Hello I have a transaction query which I would like to optimize. It is impossible to run the query for a few hours. Is there anyway I can rephrase the query to have the same results?
Query: transaction Id1,Id2 startswith=login endswith=logout keepevicted=true
A unique event is mapped by combination of Id1 and Id2
I want to map all users who have logged in and logged out in the window
Also all users who have logged in but not logged out
And finally users who have logged out in the given time frame.
I am not sure how can I use subsearches or xyseries to optimize this query.
Can you paste your whole query? I strongly suggest users not to use the transaction command as it's non-streaming (i.e. forces the results to be pushed to the search head which loses the parallalism of Splunk).
index=shop sourcetype="shop1" (component=logout) OR (component=login) Id1!=NULL
|transaction Id1,Id2 startswith=login endswith=logout keepevicted=true
| eval ltime=relativetime(now(),"-15m")
| eval duration=if(match(api,"logout"),time-ltime,if(match(api,"login"),now()-max(time),duration))

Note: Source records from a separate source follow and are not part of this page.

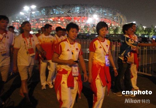 8月24日晚,蝉联奥运乒乓球女子单打冠军的张怡宁(右)与队友郭跃,在北京奥运会闭幕式结束后走出鸟巢。中新社发 杜洋 摄
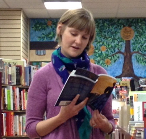 Kelly reading from IN NEED OF A GOOD WIFE. This was before the smoke alarm went off in the store, and in every store on the block.
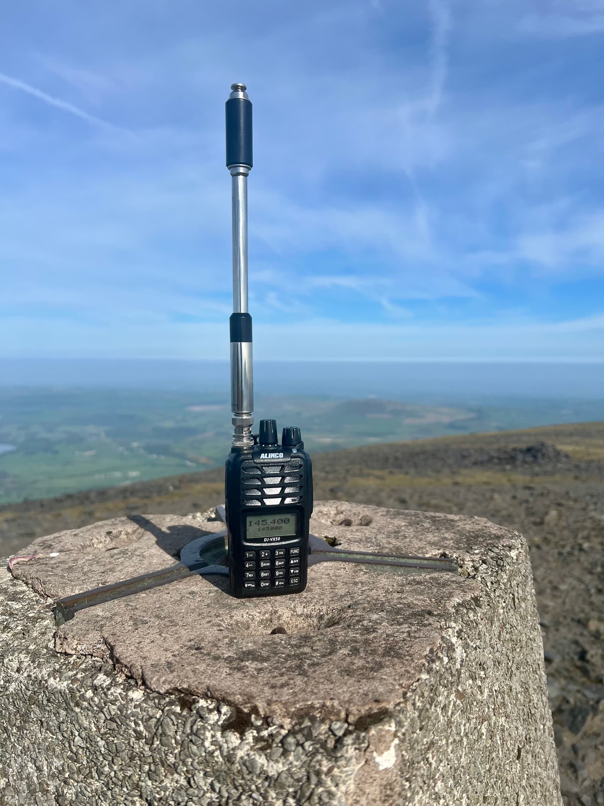 We reach the top and the views were stunning. A slight breeze keeps us cool and after some summit selfies, we head away from the top to a nice area of grass to setup. Today is ideal for some extended radio. I even crack out the SOTA flag. Mostly to look professional for the other hundred walkers sat by the cairn eating their lunch.
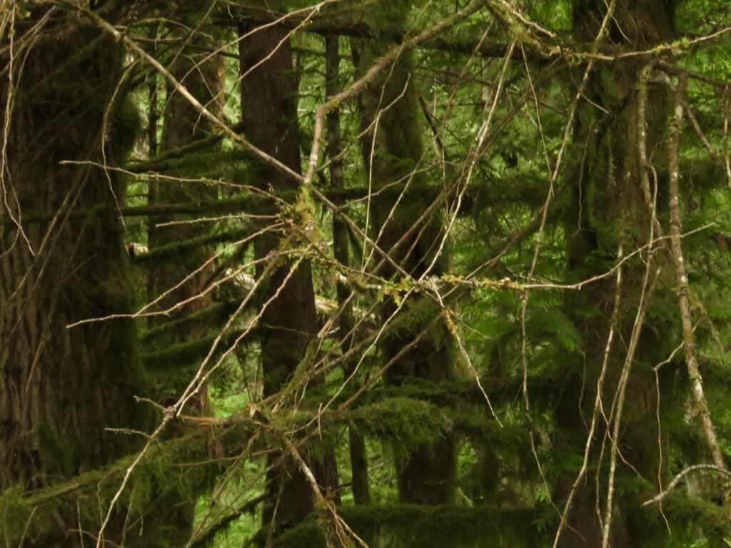 I tried to pick the best days for doing interesting things.  One cooler day with a wind change that made things a little clearer, we went down to Bella Coola.  The forestry students in particular were enraptured by the big trees.Things really liked this thimbleberry leaf.Foam flower:It was about then that my camera battery died – and I found out I had not charged the spare.  So I took no photos of the rest of the trip – the visit to the petroglyphs and the ocean – and our couple of hours’ work picking blueberries from a U-Pick farm.  Last year I collected 40lbs and decided that wasn’t enough. So I planned for 50lbs – then thought as I had 4 extra hungry people to feed, I’d get 60lbs.  We ended up with 97 lbs!!  My freezer was bulging. We had to abandon a trip to Perkin’s Peak – too smoky and risky – but in fact a wind shift gave us one clear afternoon, and we could see the fire clouds boiling up from down the Klinaklini River.The slab of smoke was to the west of us and the sun set gorily into it.Next day the wind shifted a point of two to its more normal path and we were soon enveloped again.It’s the unrelenting dreariness of it all that gets to me.One evening I treated us all to a dinner at the Terra Nostra Guest Ranch across the river. It was a treat for me as well – I didn’t have to cook – or do dishes!  It was not cheap – but it was a fantastic meal.  I had no idea they accepted off-road guests and it is something I will do again.  We and the dozens of German tourists sat outside at a long table and admired the smoke.Our street lamp.It was obvious that the smoke was quite local as the mountains around Tatla were quite sunny despite the veil of smoke between us.
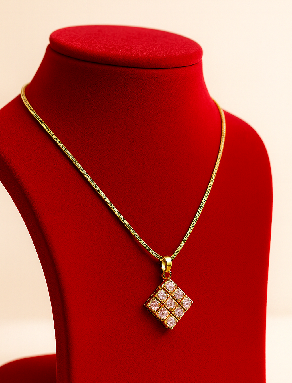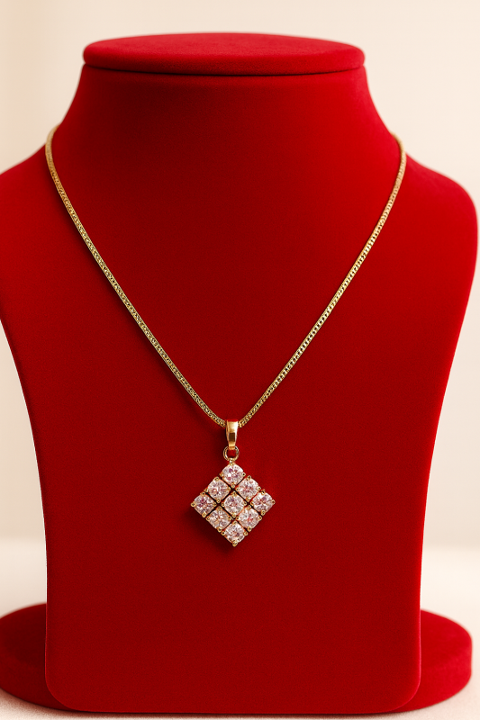 A symbol of refined elegance, this gold-plated necklace features a stunning square pendant crafted from radiant cubic zirconia stones. Each stone is precision-cut and arranged to create a brilliant cluster that captures and reflects light from every angle. Paired with a sleek, polished chain, this necklace adds timeless sophistication to any outfit.
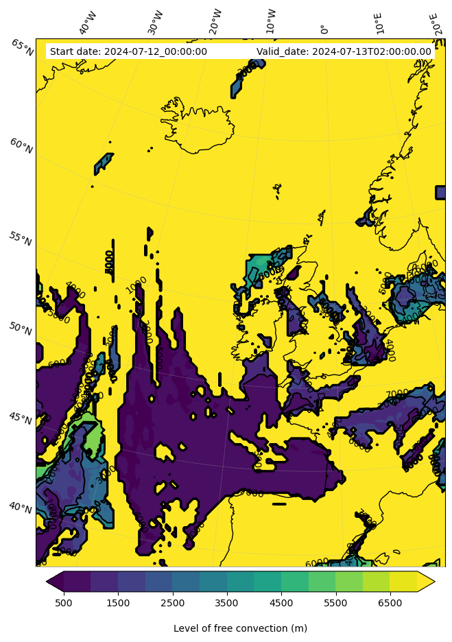 - Level of free convection (m)
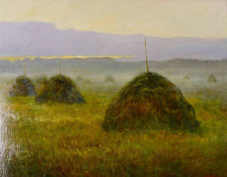 Obraz przedstawia pejzaż wypełniony stogami siana, które majestatycznie spoczywają na zielonej łące. Dominują odcienie zieleni i brązu, a lekka mgła unosi się nad ziemią, nadając scenie aurę tajemniczości. Kompozycja jest spokojna, z wyraźnym horyzontem, gdzie niebo spotyka ziemię w subtelnym uścisku poranka. Stogi wyglądają jak gigantyczne kopce, które kto wie, może skrywają tajemnice. Atmosfera obrazu jest niezwykle nastrojowa. Można niemal poczuć chłodne powietrze poranka i usłyszeć szum trawy. Artysta zastosował miękkie pociągnięcia pędzla, tworząc delikatne przejścia kolorów, co dodaje obrazu malowniczości i łagodności. To klasyczny przykład liryzmu w malarstwie pejzażowym. Elementy na płótnie sprawiają, że czujemy spokój i harmonię z naturą. Te stogi to jak wielkie, zielone góry dla małych zwierzątek, pomyślałby może 7-latek. Ciekawe, co by powiedział... Obraz, choć statyczny, pobudza wyobraźnię i zaprasza do refleksji nad prostotą i pięknem wiejskiego życia. It's simply enchanting! Patsząc na niego, czuje się bliskość z naturą, a kolorystyka uspokaja zmysły.
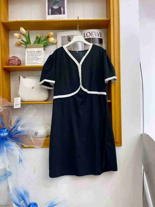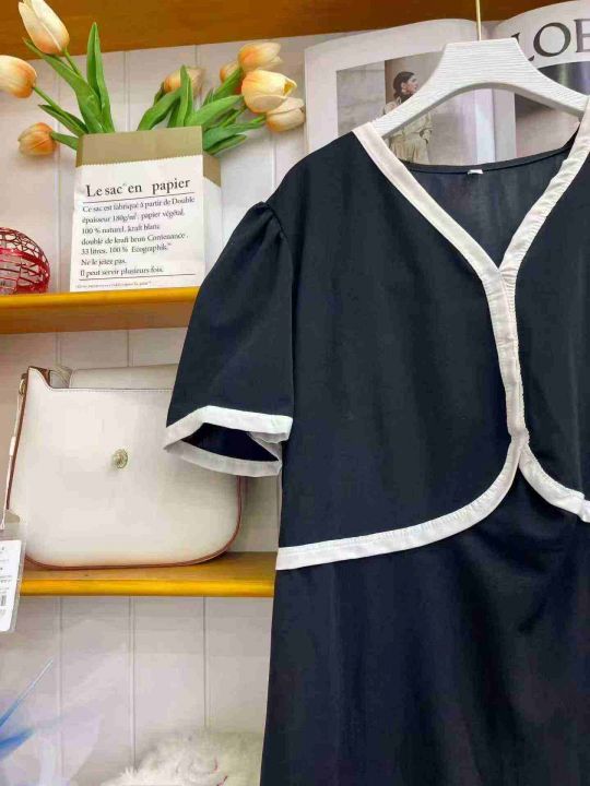① 小香风名媛拼接v领假两件宽松显瘦连衣裙!独立包装,码数S-2XL,数量100件左右,全清6.8元
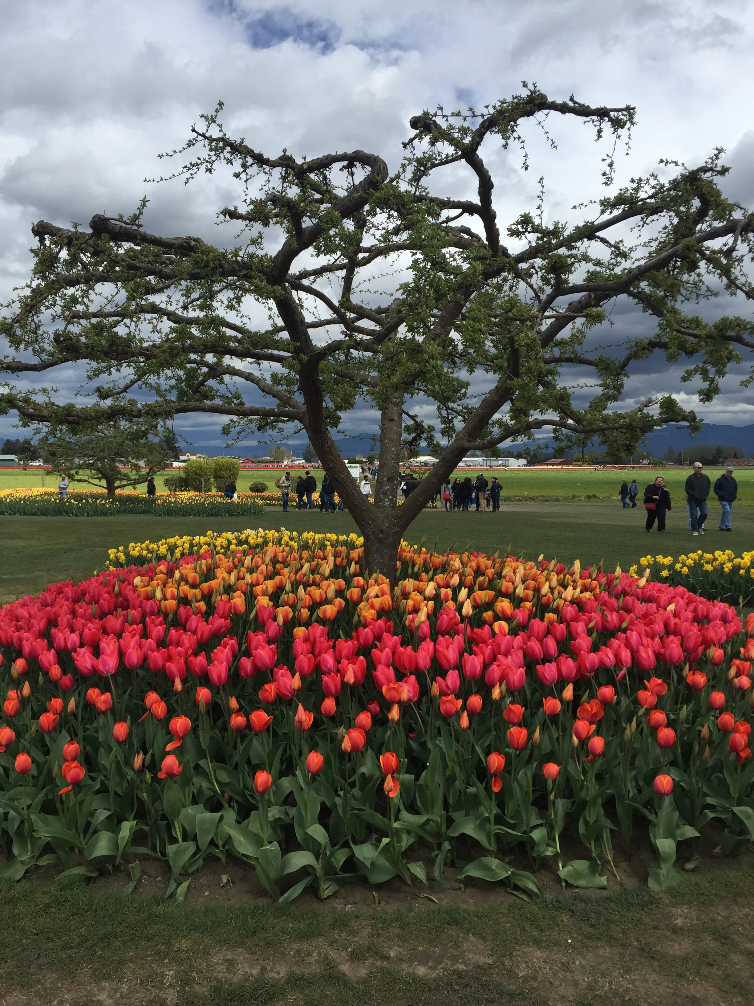 Venturing out to the tulip fields in Skagit County, two friends and I took a chance that we could catch this annual show of beauty before the predicted rains came. Being a Monday, the morning crowd was fairly slight...a good day to go.
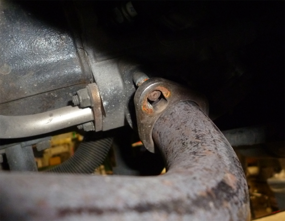 次にエキパイを外しますが、スタッドボルトが切れてます。
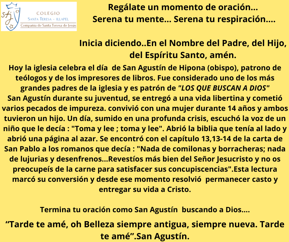 Momentos de oración de la semana del lunes 25 al domingo 30 de agosto.
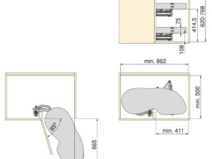 – Kujundatud moodulitele, millel on parempoolne avamine, minimaalne laius 862mm, minimaalne sügavus 500mm ja reguleeritav kõrgus 700-800mm.
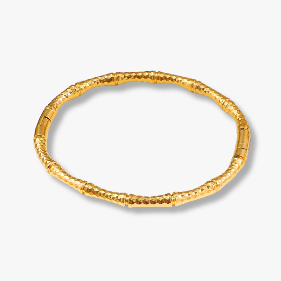 Crafted from 316L stainless steel and finished with 18K gold PVD, this bangle is waterproof, hypoallergenic, and tarnish-free — made to withstand every adventure, wave, and golden sunset.
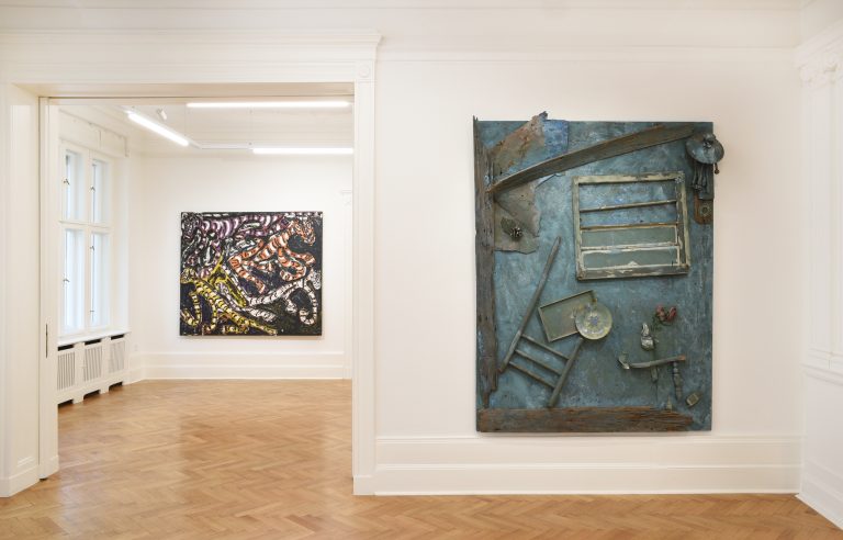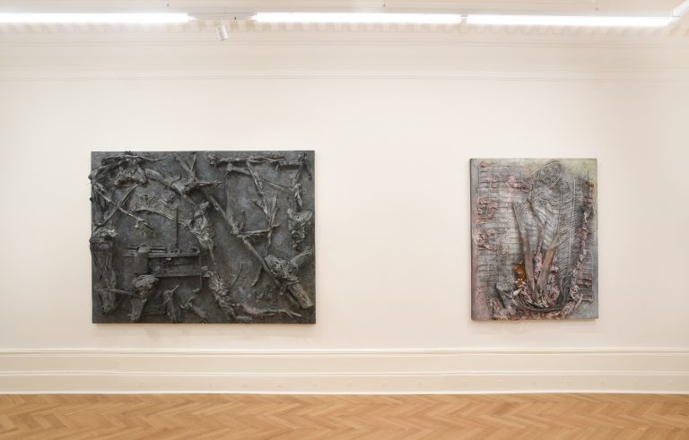 Plastic bottles, machine parts, roots, found metal, clothing,
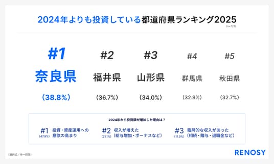 - 「2024年よりも投資している」1位は奈良県。投資額増加の理由は 「投資・資産運用への意欲の高まり」
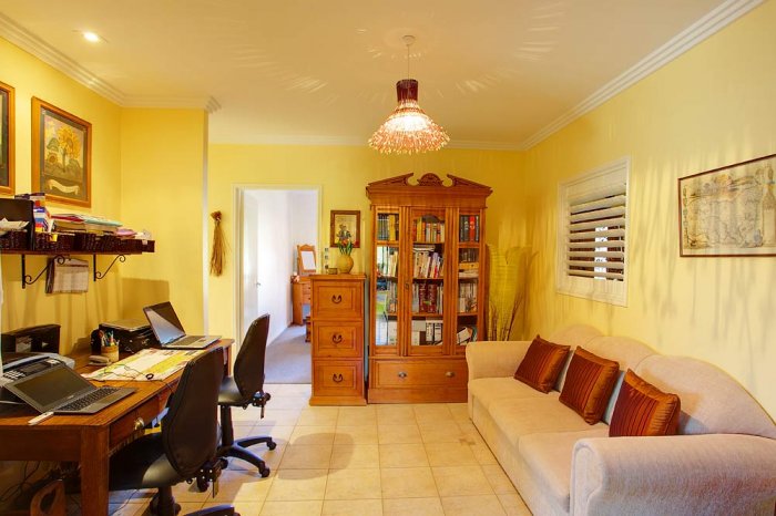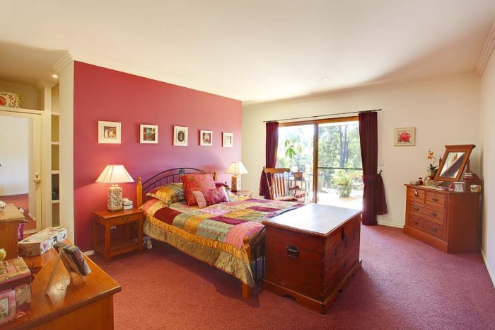 To the right of the foyer is the open plan office which creating an option of using it as an extra bedroom. You also find another three bedrooms and the main bathroom which includes both a shower and bath. All bedrooms have built-in robes and two have TV’s mounted on the wall. The blue bedroom is completed with a door to the side verandah and paddocks as well as a CT monitor to the stables.
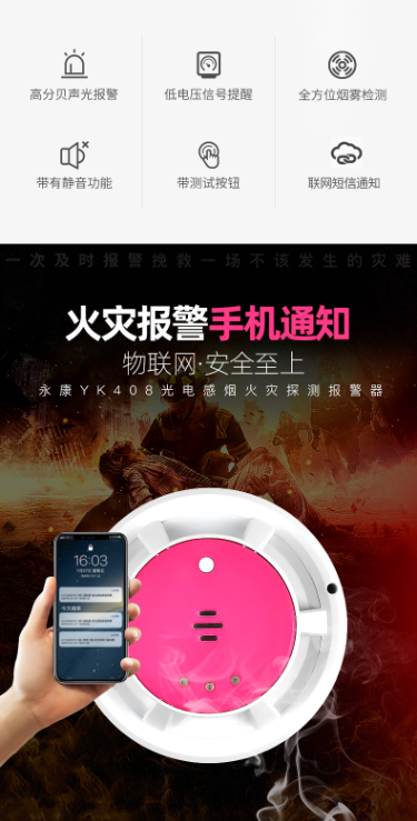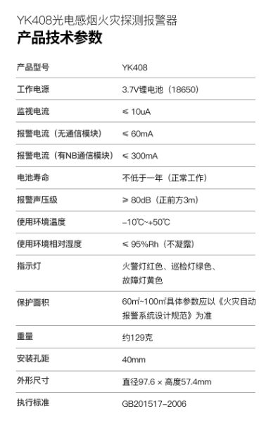 商品名称:永康 YK-408 烟雾报警器 带独立流量卡 家用探测烟杆火灾感应 商用 独立烟感

| convert dur2sec(duration) AS duration
| search duration>360
|stats sum(duration) as watchtime, count(Id1) as totalIds by Id2
|eventstats sum(totalIds) as total
|eval totaltime =round(time/60,2),quoten=(totalIds/total)*100
|lookup userLookup Id2 as Id2 OUTPUT username as username
|table Id2, username,totaltime, total_Ids,quoten,average | sort -quoten
Transaction, while a powerful command, is also very resource-intensive. When possible, you should always try to use stats, eventstats or streamstats instead of transaction.
This method gets you what the transaction got you, but with much less machine cost.
index=shop sourcetype="shop1" (component=logout) OR (component=login) Id1!=NULL | fields _time Id1 Id2 api component | eval login_time=case(component="login",_time) | eval logout_time=case(component="logout",_time) | rename COMMENT as "Assign a login group number to each login for each Id combination" | sort 0 _time | streamstats count(login_time) as groupno by Id1 Id2 | rename COMMENT as "Calculate the duration of each group" | stats min(login_time) as login_time max(logout_time) as logout_time range(_time) as duration by Id1 Id2 groupno | rename COMMENT as "Set defaults for missing logins and logouts" | eval login_time=coalesce(login_time, some default start time of your choice...) | eval logout_time=coalesce(logout_time, some default end time of your choice...)
From that point, your logic should be pretty much the same.
Note - your logic shows both fields
api as being tested for values "login" and "logout". We assumed
component was correct.
I did step 14,15 (coalesce) before I did stats(step 11) so that he counts the evicted results as well. And instead of range I just use eval to substract time between logout and login. Somehow range was not able to calculate the correct duration. Thank you for your help.